J1後期第11節 川崎×福岡(等々力)


 夜は等々力へ。今日もまたフロンタ好きの友人と一緒に観たのだが、後半半ばまでの試合内容は同じく等々力で観た甲府戦とほぼ同じ。川崎が守備にシフトする相手を圧倒し、相手ゴール前で撥ね返されてもすぐこぼれを拾って2次、3次攻撃に繋げて相手を押し潰していくという展開。去年までなら引いた相手を攻めあぐねてボールを横に回させられる展開だったのが、今年はそういう相手でも縦(前)へのパスが通る様になっているのが違う。その中心にいるのが中村憲剛だが、この選手の今季の活躍はどこか13年の中村俊輔を思い起こさせる。
 ただ甲府戦と違って今日はラスト15分位は福岡の攻勢を受けて1失点し、終了間際にもウェリントンに際どいヘッドを打たれた。福岡がこれまでのPO昇格組と違うのはここだな。まさに「一矢報いる」とでも言うか、劣勢の試合でも何かしらの爪跡を残し、得失差のマイナスを簡単に広げない。さすがに今日の敗戦で残留は厳しくなったが、チームの基盤はしっかりしているので来季も井原さんが留任すればまた昇格の目はあるはず。丁度今季の山雅がそうであるように。
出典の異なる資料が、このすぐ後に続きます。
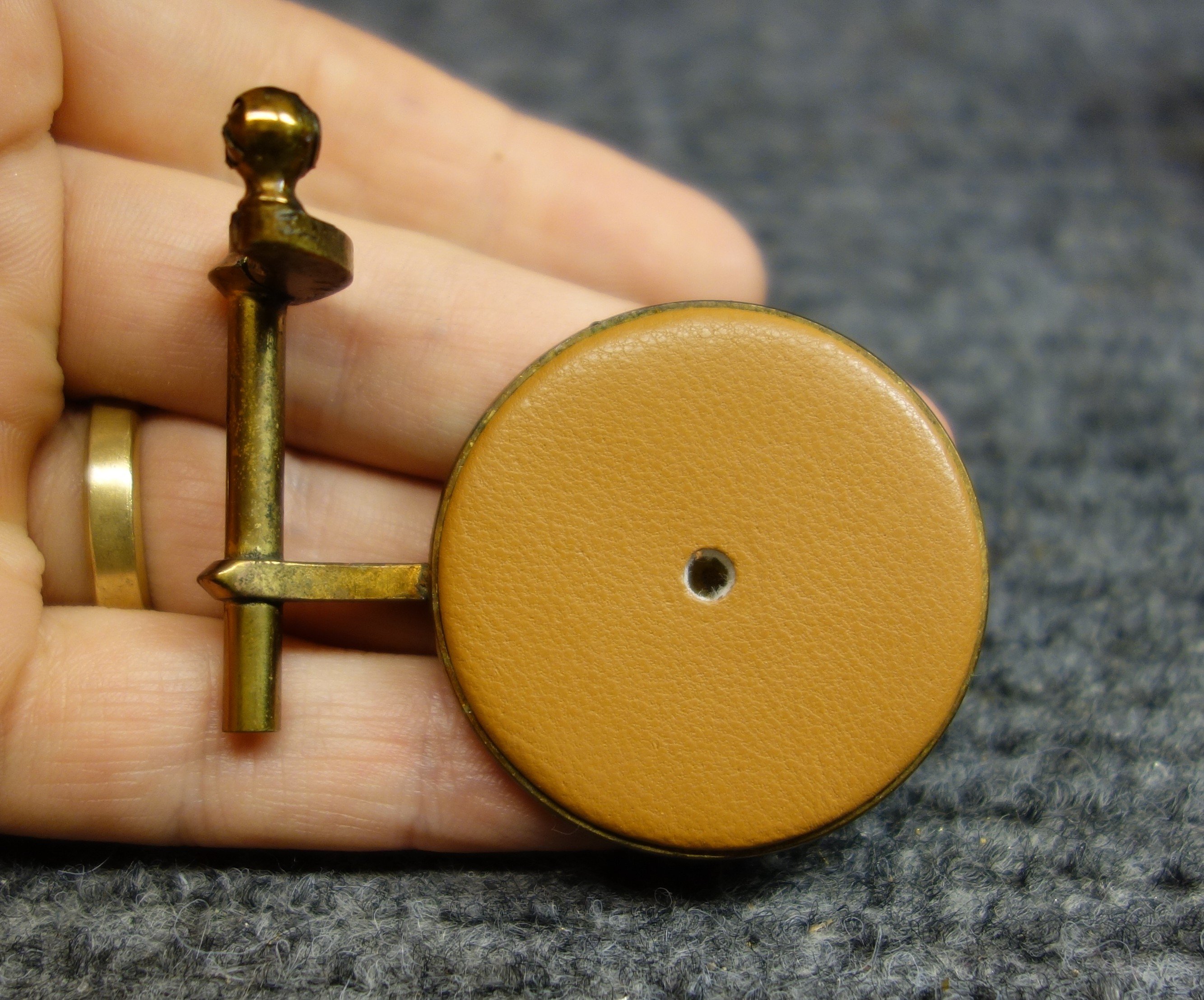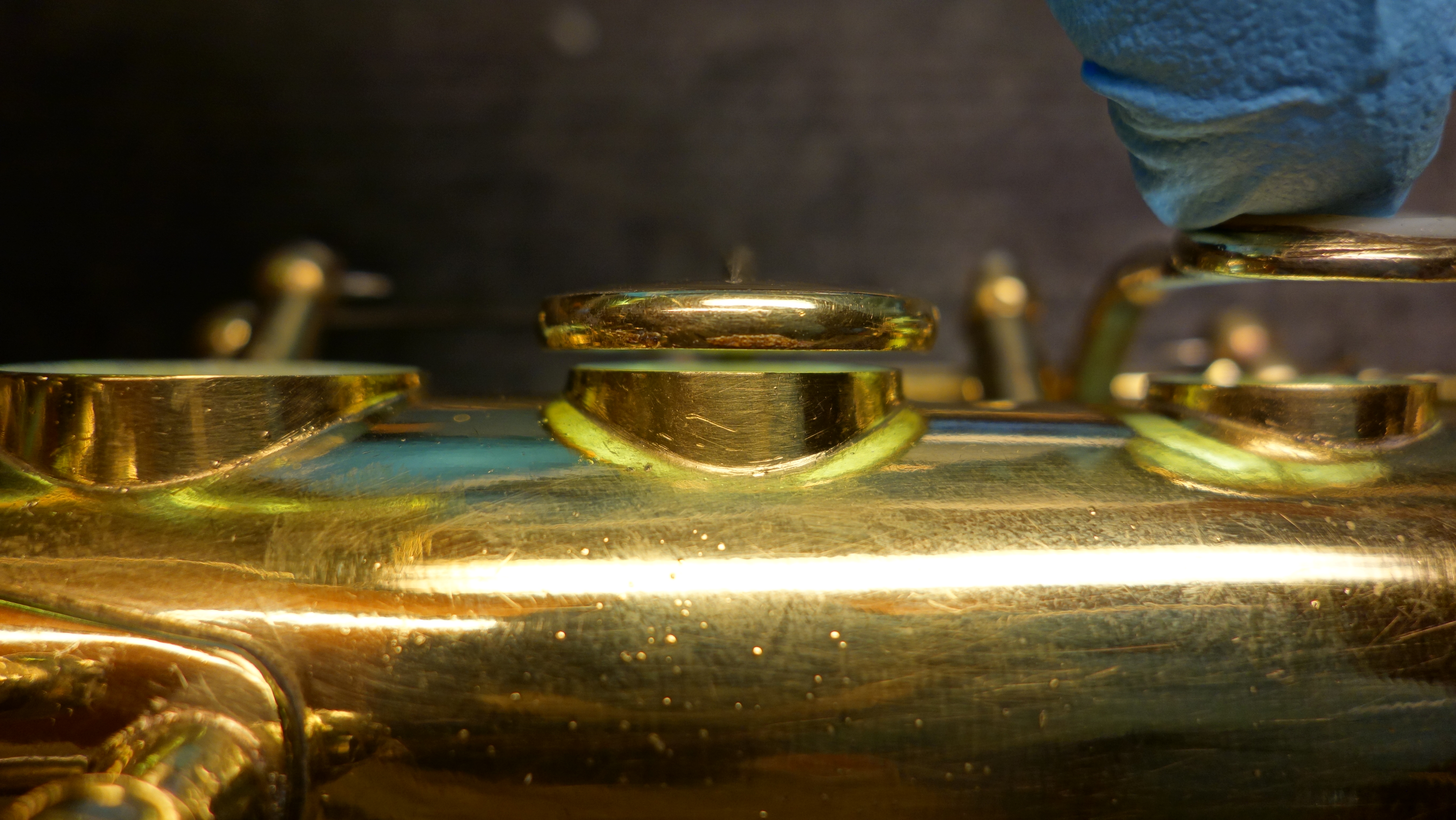 [caption id=“attachment_409” align=“aligncenter” width=“720”] A pad cup in the proper orientation, level and centered over the tonehole with the appropriate distance from the tonehole to the back of the key cup for a .160" pad and a thin layer of adhesive. This is a gold plated 1932 Selmer, and not a single one of the pad cups started off this way! Selmers are interesting in that from the factory they are actually set up for graduated thickness pads (thinner up top and getting thicker toward the bottom of the horn), and unless a repairer is aware of this typically every pad cup will get bent to use one thickness, typically .185, which is too thick for the upper stack.[/caption]

 選手では福岡の冨安に注目していた。アビスパのユース出身で高校3年ながら既にプロ契約しており、リオ五輪のトレーニングパートナーとして直前まで帯同、大会前のブラジル戦には途中出場ながらピッチに立っている。クラブでも7月頃から試合に出始めたなと思っていたらいつのまにかレギュラーになっていた。CBが本職の様だが今日は3バックの左でスタートして途中からはボランチに移るなど幅広いポジションに対応可能。何よりあの井原正巳の指導を日々受けているのだから期待してしまう。世代的にも前回の観戦記で述べた鈴木優磨とは対照的に東京五輪まで年代別代表で国際経験を積める機会があるが、次代を担う守備者の1人。

 しかし今季川崎の試合は5試合見ているが、どの試合もまぁよく点が入る。

△4−4湘南(等々力)
○4−2FC東京(味スタ)
○2−0横浜M(日産)
○4−0甲府(等々力)
○3−1福岡(等々力)

平均得点は3.4。失点を含めた1試合当たりのゴール数平均は4.8も。ちなみにマリノス戦はどうかと言うと今季観戦した全19試合で平均得点0.8、全ゴール数平均は1.7。データの母数も両チームの志向も違うが、ここまで数字に違いが出るとは。マリノスの場合、守備に力を割く分、いかに少ないチャンスをゴールに結び付けられるかという問いに対して突出した個人の力でそれを補ってきた訳だが、今季はその数少ないタレント(中村俊輔齋藤学)のコンディションが安定しない影響をモロに受けていると言えるだろうか。今節はアウェイで仙台に勝ったが、唯一のゴールも齋藤の突破から生まれたものだった。